YOUR INSTRUCTIONS — Pick out each line in these entries that contains the string "last".

PROVIDED DATA —
════

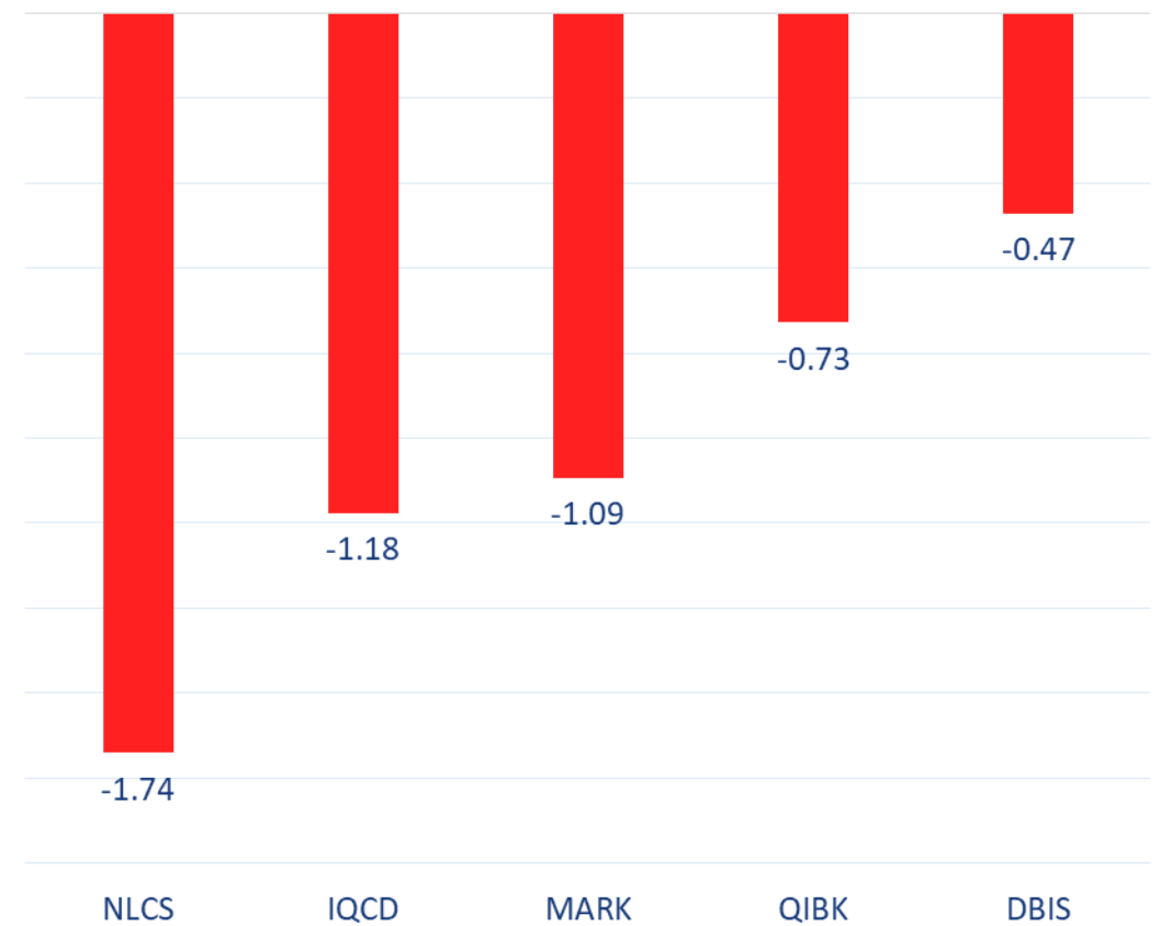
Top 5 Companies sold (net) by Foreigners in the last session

════

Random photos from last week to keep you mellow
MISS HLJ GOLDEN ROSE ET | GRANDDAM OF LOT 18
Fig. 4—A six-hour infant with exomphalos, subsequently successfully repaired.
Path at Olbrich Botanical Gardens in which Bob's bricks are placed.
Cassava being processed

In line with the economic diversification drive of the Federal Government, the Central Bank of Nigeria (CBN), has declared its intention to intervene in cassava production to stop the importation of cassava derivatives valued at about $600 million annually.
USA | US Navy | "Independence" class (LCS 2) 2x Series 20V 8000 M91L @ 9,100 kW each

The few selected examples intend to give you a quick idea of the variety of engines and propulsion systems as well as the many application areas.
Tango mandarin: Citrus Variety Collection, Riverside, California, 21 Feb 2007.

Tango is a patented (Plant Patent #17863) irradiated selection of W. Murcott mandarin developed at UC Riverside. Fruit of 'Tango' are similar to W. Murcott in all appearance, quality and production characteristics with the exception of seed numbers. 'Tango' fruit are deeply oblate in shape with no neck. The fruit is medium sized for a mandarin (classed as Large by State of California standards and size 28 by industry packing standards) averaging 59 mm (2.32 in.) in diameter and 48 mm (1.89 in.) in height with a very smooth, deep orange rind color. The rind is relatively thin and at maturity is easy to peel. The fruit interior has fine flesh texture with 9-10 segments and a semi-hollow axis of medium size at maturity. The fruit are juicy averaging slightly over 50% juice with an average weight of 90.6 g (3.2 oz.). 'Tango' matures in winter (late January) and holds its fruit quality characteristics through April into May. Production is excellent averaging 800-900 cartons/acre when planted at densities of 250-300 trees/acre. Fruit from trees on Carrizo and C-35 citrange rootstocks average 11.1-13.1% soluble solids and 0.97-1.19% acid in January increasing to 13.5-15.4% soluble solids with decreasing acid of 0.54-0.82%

════

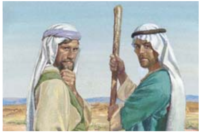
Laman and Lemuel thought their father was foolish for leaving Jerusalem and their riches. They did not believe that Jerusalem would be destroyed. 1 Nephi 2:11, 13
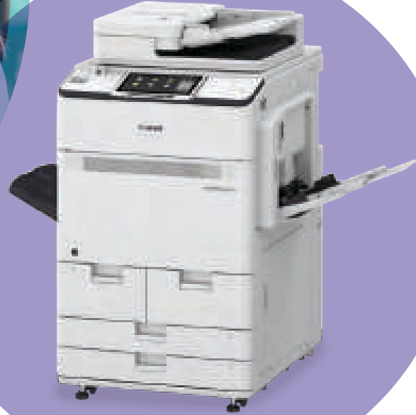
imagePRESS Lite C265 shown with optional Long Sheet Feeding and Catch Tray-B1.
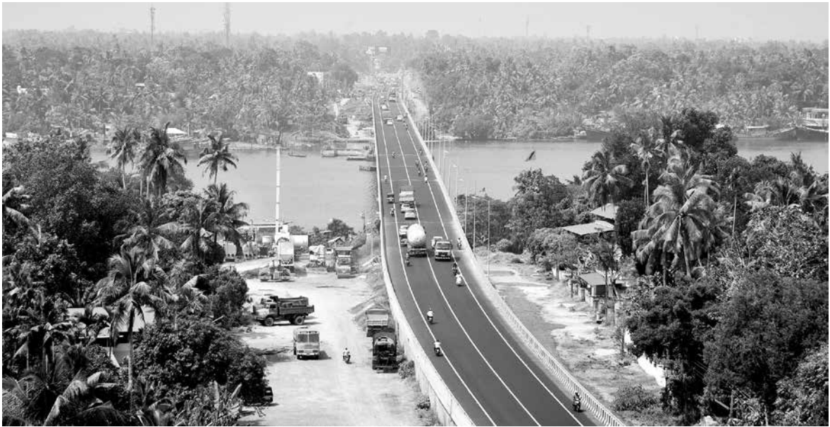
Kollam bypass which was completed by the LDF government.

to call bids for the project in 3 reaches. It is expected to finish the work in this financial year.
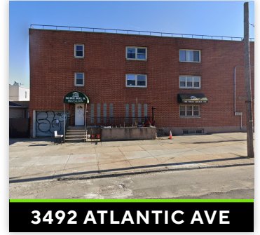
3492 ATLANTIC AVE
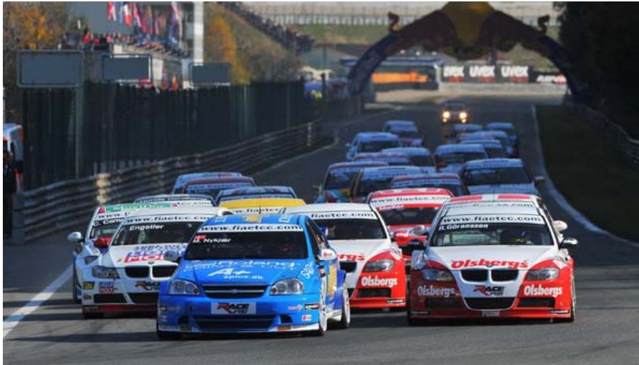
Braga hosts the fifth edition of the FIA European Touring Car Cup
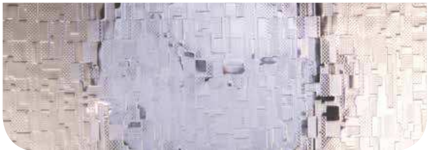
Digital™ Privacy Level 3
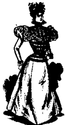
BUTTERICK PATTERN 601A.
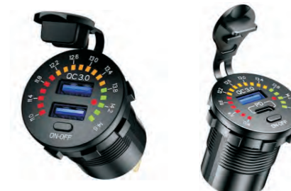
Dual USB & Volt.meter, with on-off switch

════

SOLUTION —
Top 5 Companies sold (net) by Foreigners in the last session
Random photos from last week to keep you mellow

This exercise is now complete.